To do: Beginning with the line that holds "FloatingActionButton • SnackBar" and ending with the last line below, repeat each line exactly, leaving any pictures out.

Data segment:
= = =

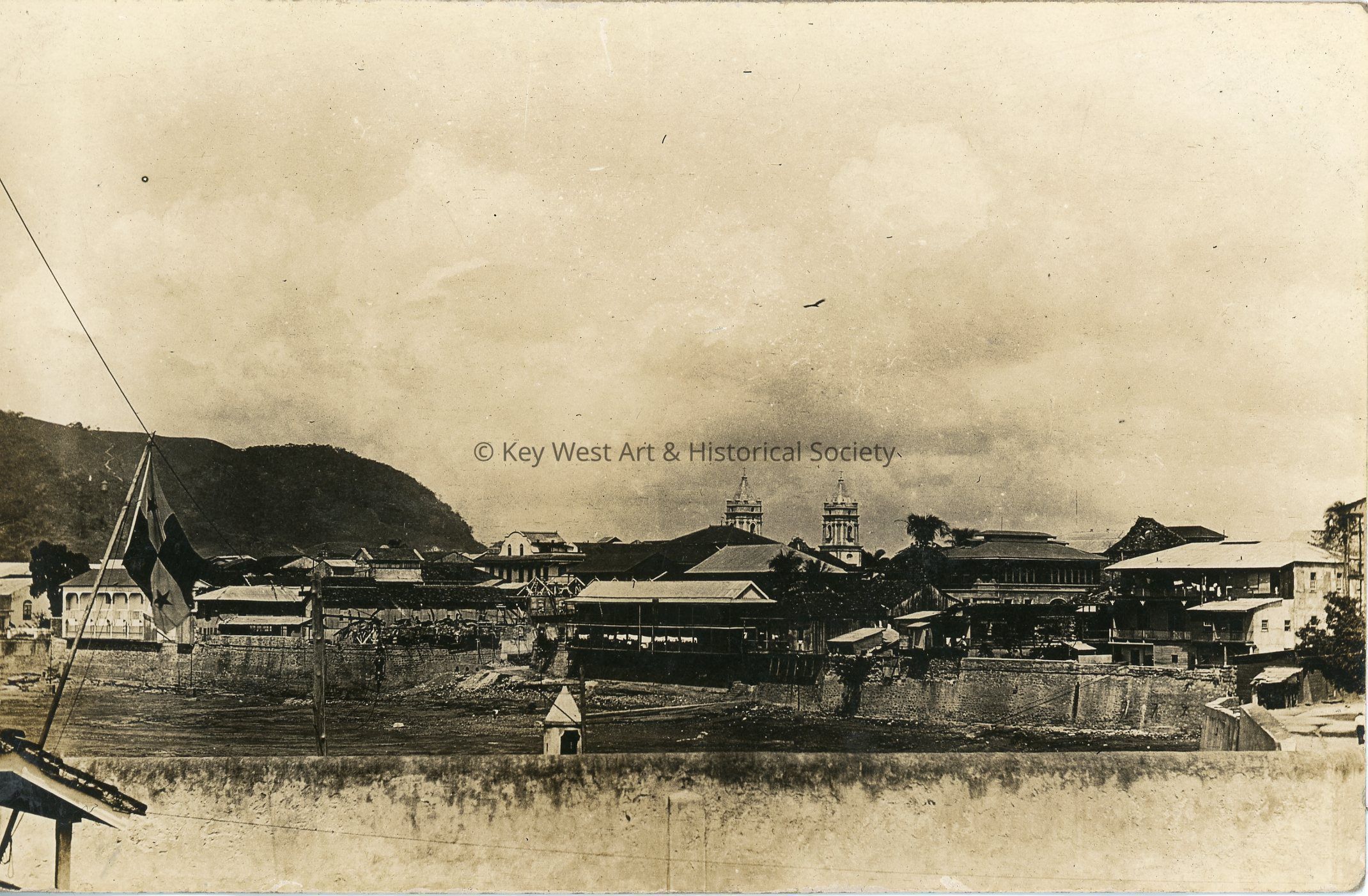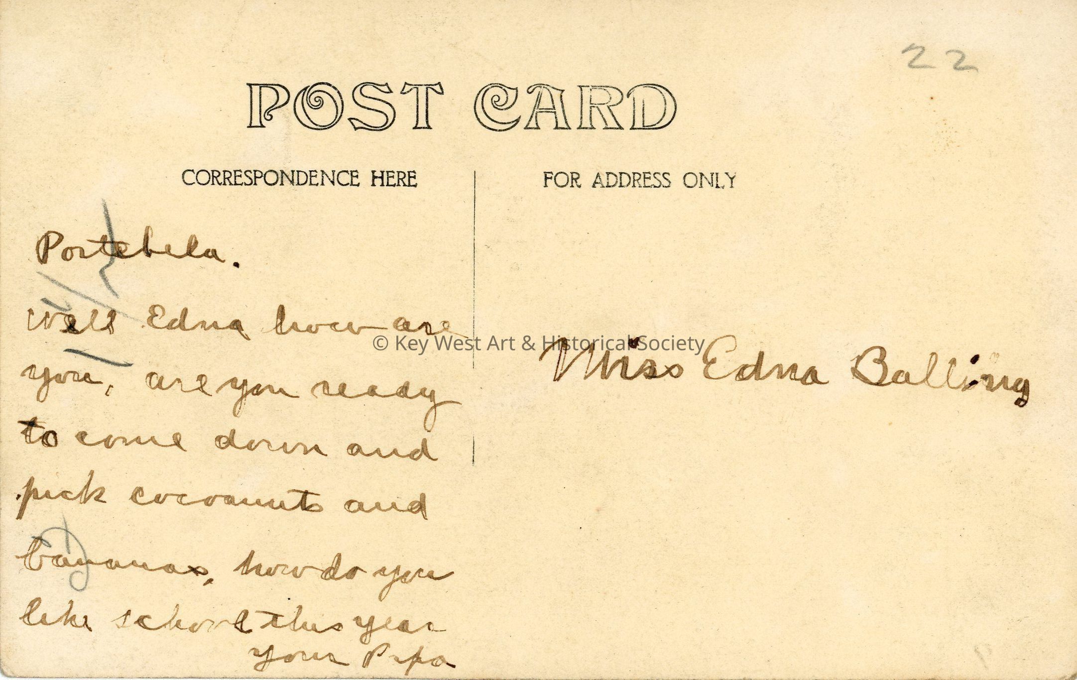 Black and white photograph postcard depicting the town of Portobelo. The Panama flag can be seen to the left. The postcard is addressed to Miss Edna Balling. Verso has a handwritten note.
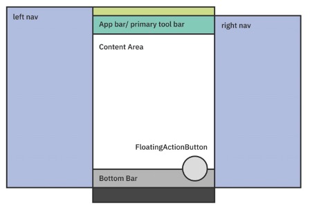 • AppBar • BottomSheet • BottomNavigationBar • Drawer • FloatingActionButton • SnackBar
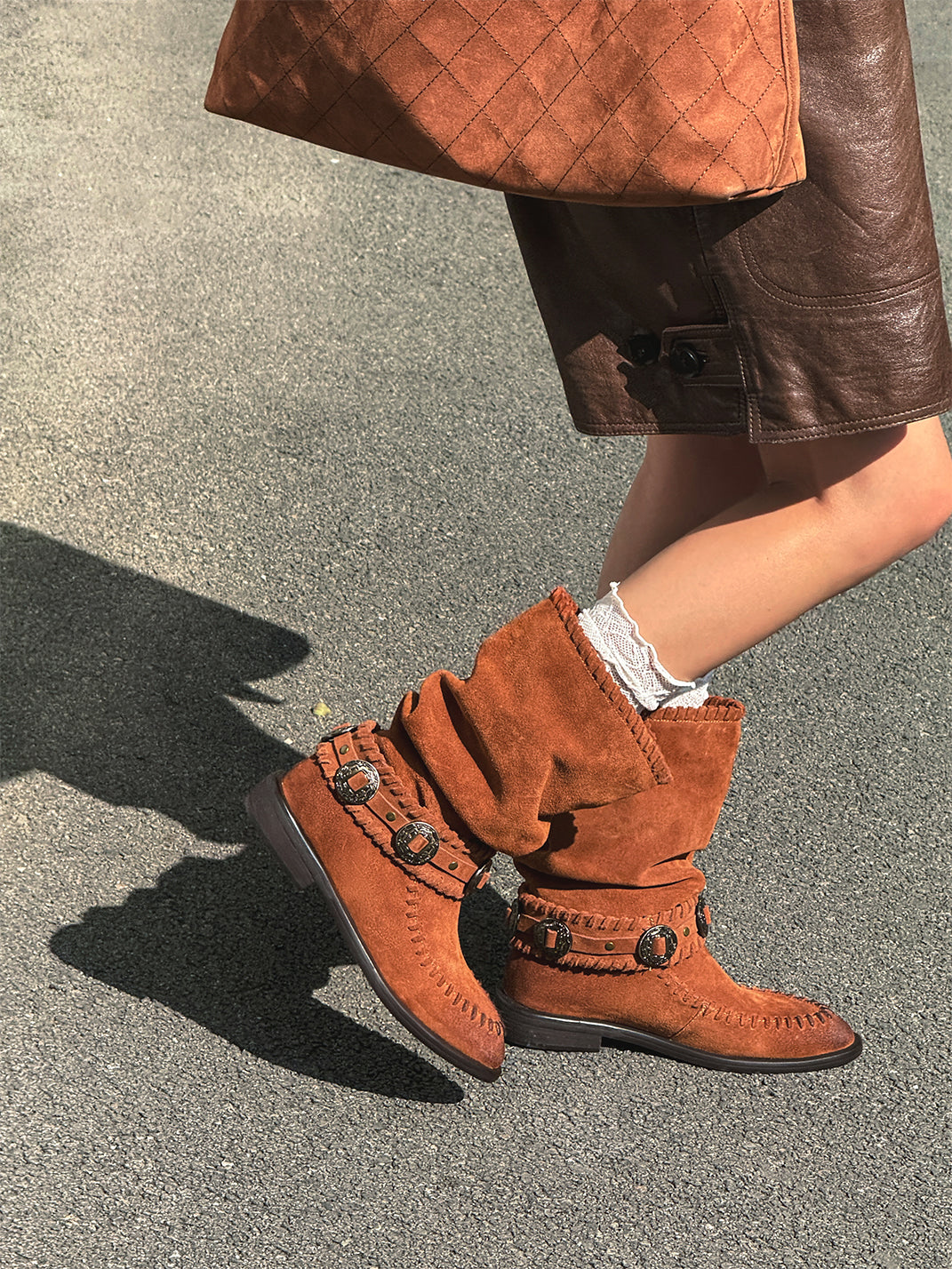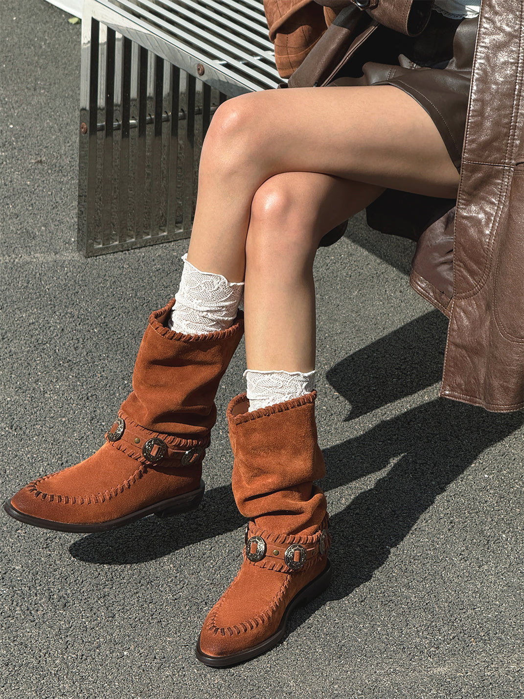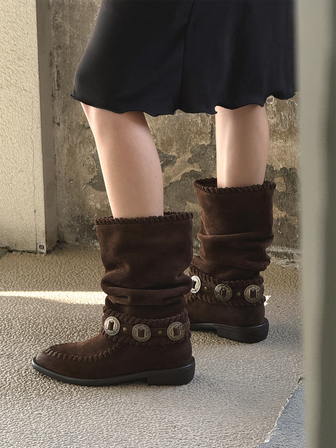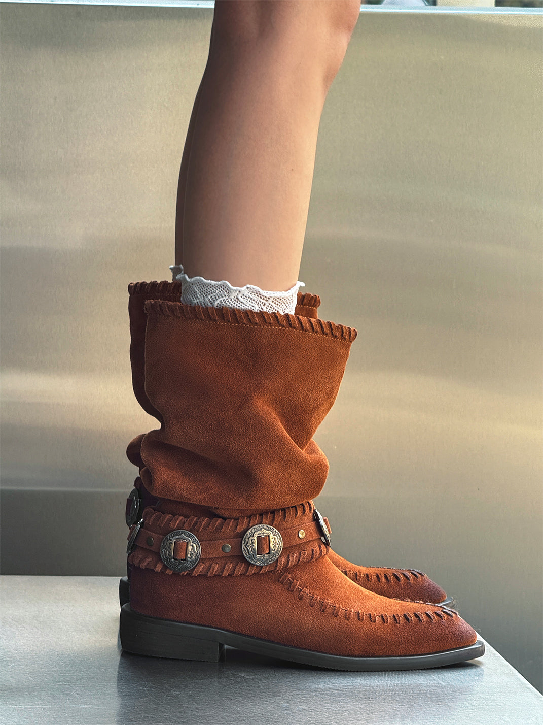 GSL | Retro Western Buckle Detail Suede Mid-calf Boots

= = =

Finished task:
 • AppBar • BottomSheet • BottomNavigationBar • Drawer • FloatingActionButton • SnackBar
 GSL | Retro Western Buckle Detail Suede Mid-calf Boots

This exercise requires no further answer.